Canadian swimming coach

Dr. Jeno 'Doc' Tihanyi (Tihanyi Jenő; 1936 - March 4, 2007) was a Canadian swim coach inducted into the Canadian Olympic Hall of Fame in 2004. He was the fourth coach in Canadian History to receive such an honour. He was named Ontario University Athletics (OUA) Coach of the Year in 1990 and OWIAA Coach of the Year in 1994. He was best known for coaching famed Individual Medley swimmer Alex Baumann to two Olympic gold medals in the 1984 Los Angeles Olympic Games. Baumann later remarked that Tihanyi served as a second father to him, after his natural father died in 1983. He was fondly remembered by his wife Cathy, who said: "both [Baumann and he] had the same qualities: the drive, outlook, discipline and the strength to overcome whatever difficulty they faced in life... These qualities allowed them to reach the pinnacle of the sport and bring home two gold medals in 1984."

Tihanyi earned a diploma in physical education from his homeland of Hungary.
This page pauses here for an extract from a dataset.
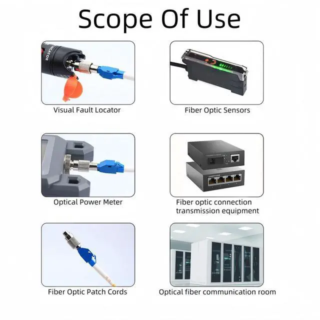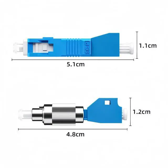 Package IncludesFC Male to LC Female Adapter and SC Male to LC Female Adapter. ^^ Compact DesignFiber connector has mini size and lightweight, making it easy to carry. ^^ Durability and PracticalityThe FC Male to LC Female Adapter and SC Male to LC Female Adapter is constructed using durable materials and precision manufacturing techniques, enabling it to withstand multiple connections and disconnections. This results in a lifespan of over 1000 cycles. ^^ Product ParametersInterchangeability (dB) 0.20; Insertion Loss (dB) 0.20; Number of Mating and Unplugging Cycles > 1000 times. ^^ Widely UsedThis adapter is extensively utilized in optical fiber distribution frames, optical fiber communication networks, optical fiber broadband access networks, optical fiber CATV systems, optical fiber instrumentation, and optical fiber local area networks.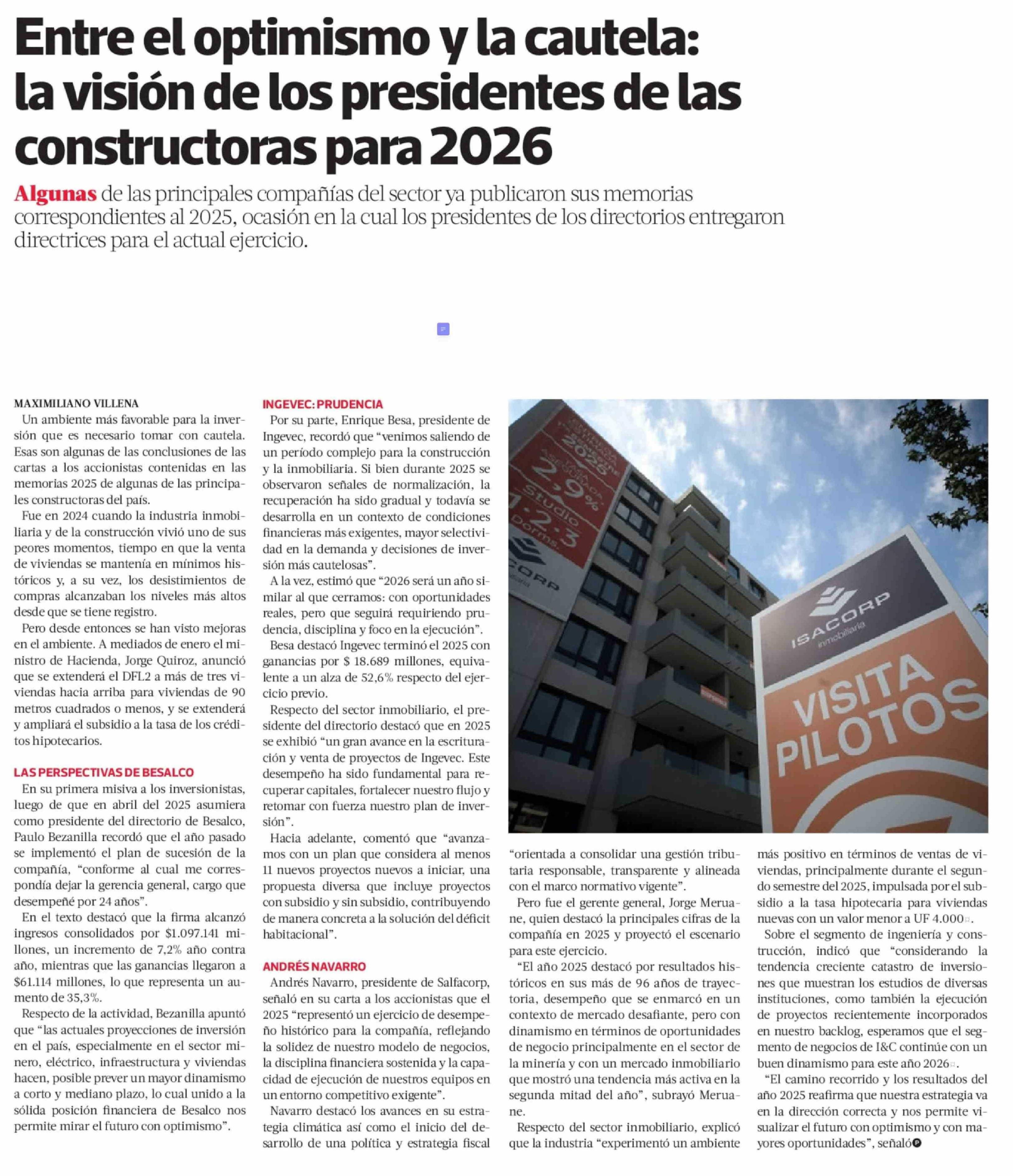 Título: Entre el optimismo y la cautela: la visión de los presidentes de las constructoras para 2026

After immigrating to Canada, he earned both a bachelor's degree and master's degree in physical education at the University of British Columbia. In 1972, he earned a Ph.D. at the University of Alberta.
His doctoral thesis was entitled "Relationship of selected maturational determinants to competitive swimming."

In 1974, Tihanyi became a professor at Laurentian University, located in Sudbury, Ontario, and was a professor in child growth and development in the School of Human Movement. He founded both the Laurentian University Aqua Vees Varsity Swim Team and the age-group Laurentian University Swim Club (now known as Sudbury Laurentian Swim Club) as head coach. He was the director of the division of physical education from 1993 to 1996 (now known as the School of Human Kinetics).

Although Tihanyi coached several national and international level athletes, his coaching philosophy actually focused on personal self-improvement first. Once that stage was achieved in an athlete, the coach moved to focus and self-discipline: "He was so detailed," said Baumann. "All the workouts were meticulously planned." Baumann recalled that Tinhanyi was fond of the dictum: "'if you fail to plan, you plan to fail'. I still [in 2007] see coaches who plan their workouts on the way to the pool."

After his death in 2007, Laurentian University officially renamed its swimming facilities the Jeno Tihanyi Olympic Gold Pool in his memory.